After the September 11, 2001 attacks, Harman joined the Army Reserve and was assigned to the Cresaptown, Maryland-based 372nd Military Police company. Harman worked for a time as an assistant manager at Papa John's in Alexandria, Virginia, before her company was activated for duty in Iraq in February 2003, and was deployed to Fort Lee, Virginia for additional training; however, this was in combat support, not internment and resettlement. Harman, an MP, was stationed at Abu Ghraib as a guard.

=== Abu Ghraib facility ===
Harman was the second soldier to be tried for mistreating prisoners at Abu Ghraib. She was depicted in several of the most notorious photos taken at Abu Ghraib in late October and early November 2003, and she is accused of taking other pictures.

In late October 2003, Harman wrote to Kelly Bryant, her roommate in Virginia whom she called her "wife", confessing her role in the abuse and expressing her discomfort with the experience.

Harman explained that her Military Police unit deferred to practices already being conducted by military officers and civilian contractors present at the facility:

[She] said she was assigned to break down prisoners for interrogation. "They would bring in one to several prisoners at a time already hooded and cuffed," Harman said in interviews by e-mail this week from Baghdad. "The job of the MP was to keep them awake, make it hell so they would talk." She said her military police unit took direction from the military intelligence officers in charge of the facility and from civilian contractors there who conducted interrogations.

== Sentencing ==
In 2005, Harman was convicted on six of the seven counts with which she had been initially charged, related to the maltreatment of detainees, conspiracy relating to abuse, and dereliction of duty; she was sentenced to six months in prison the following day, for which she would serve approximately four months due to credit for time already served. Following the conviction, Harman's rank was reduced from a specialist to a private.
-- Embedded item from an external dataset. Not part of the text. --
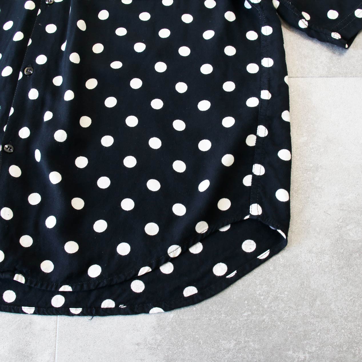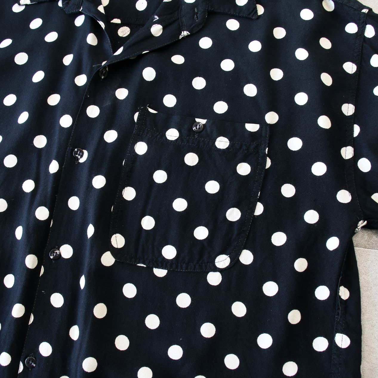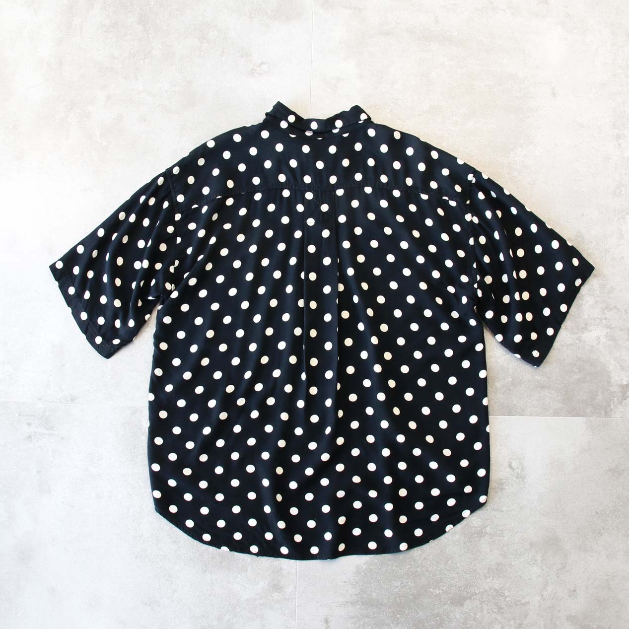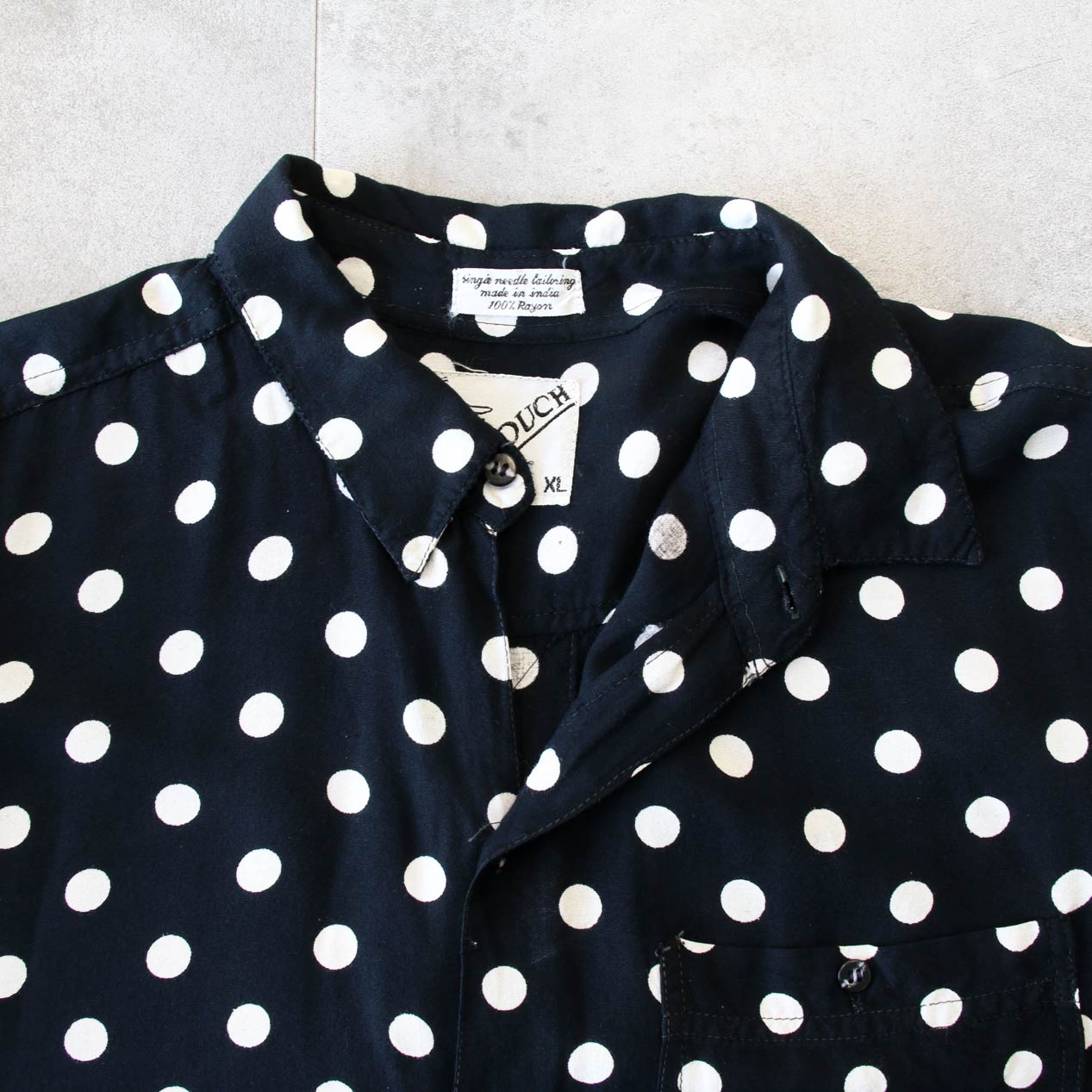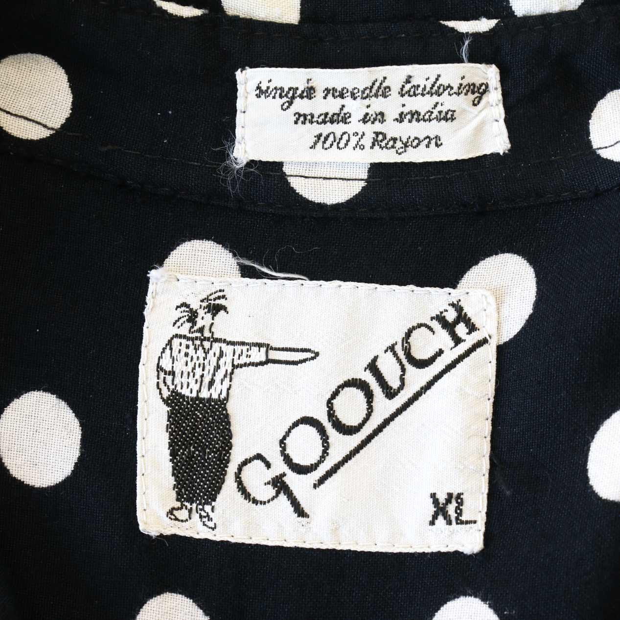 MODEL: GOOUCH Black x White Dot Patterned Rayon Shirt MADE IN: India AGE: 80's~ SIZE: XL COLOR: ブラック MATERIAL: レーヨン 100% COMMENT: 80年代 グーチ レーヨンシャツ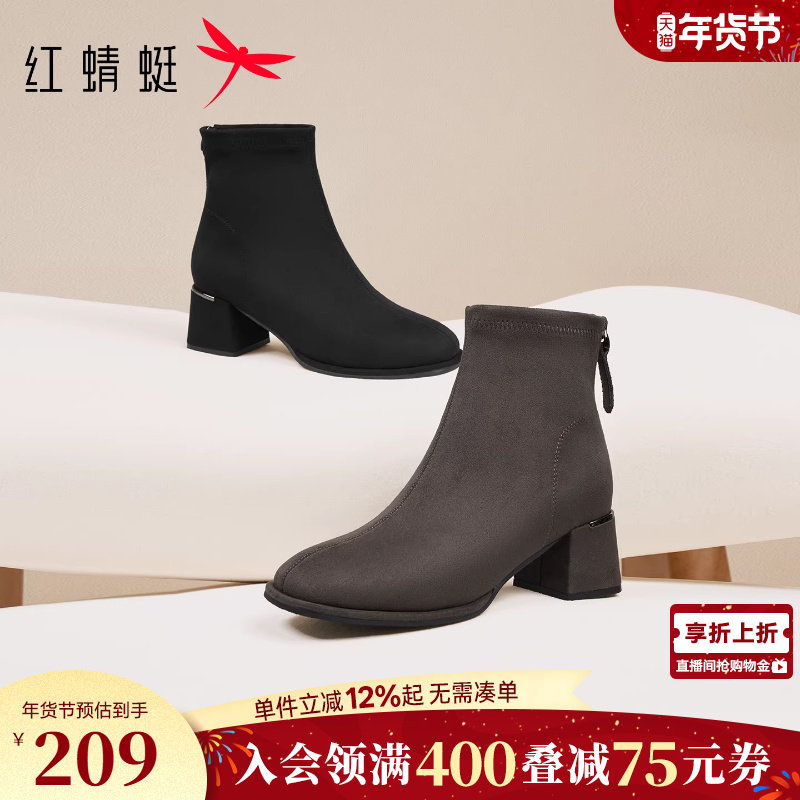 红蜻蜓妈妈靴子冬季新款女鞋靴子粗跟皮鞋女款气质加绒高跟鞋短靴

Throughout the case, various individuals, including two former prisoners at Abu Ghraib, submitted testimonies in her defense proclaiming her innocent nature, which were officially accepted by the court. These prisoners noted Harman’s 'gentle' treatment of detainees, something unusual compared to other guards at the facility, who generally saw the prisoners more or less as a proxy for military intelligence – “She has no cruelty in her, even though she is an American woman, she was just like a sister.”

At her sentencing, Harman stated:As a soldier and military police officer, I failed my duties and failed my mission to protect and defend. I not only let down the people in Iraq, but I let down every single soldier that serves today. My actions potentially caused an increased hatred and insurgency towards the United States, putting soldiers and civilians at greater risk. I take full responsibility for my actions. ... The decisions I made were mine and mine alone.

Harman's attorney said he hoped to see the military chain of command put on trial, rather than low-ranking reservists like Harman:
"I don't think we can even begin to imagine the kind of environment that she was in. First of all, she wasn't trained to be a prison guard, so she didn't even know the basic rules. She wasn't trained in military intelligence. I don't think any American can really truly appreciate the stress that existed along with the fact they were undermanned and not trained to perform this mission."

On February 4, 2010, the United States Court of Appeals for the Armed Forces unanimously upheld Harman's convictions.

==Later life==
Harman spoke about her experiences at Abu Ghraib in the documentary film Standard Operating Procedure (2008).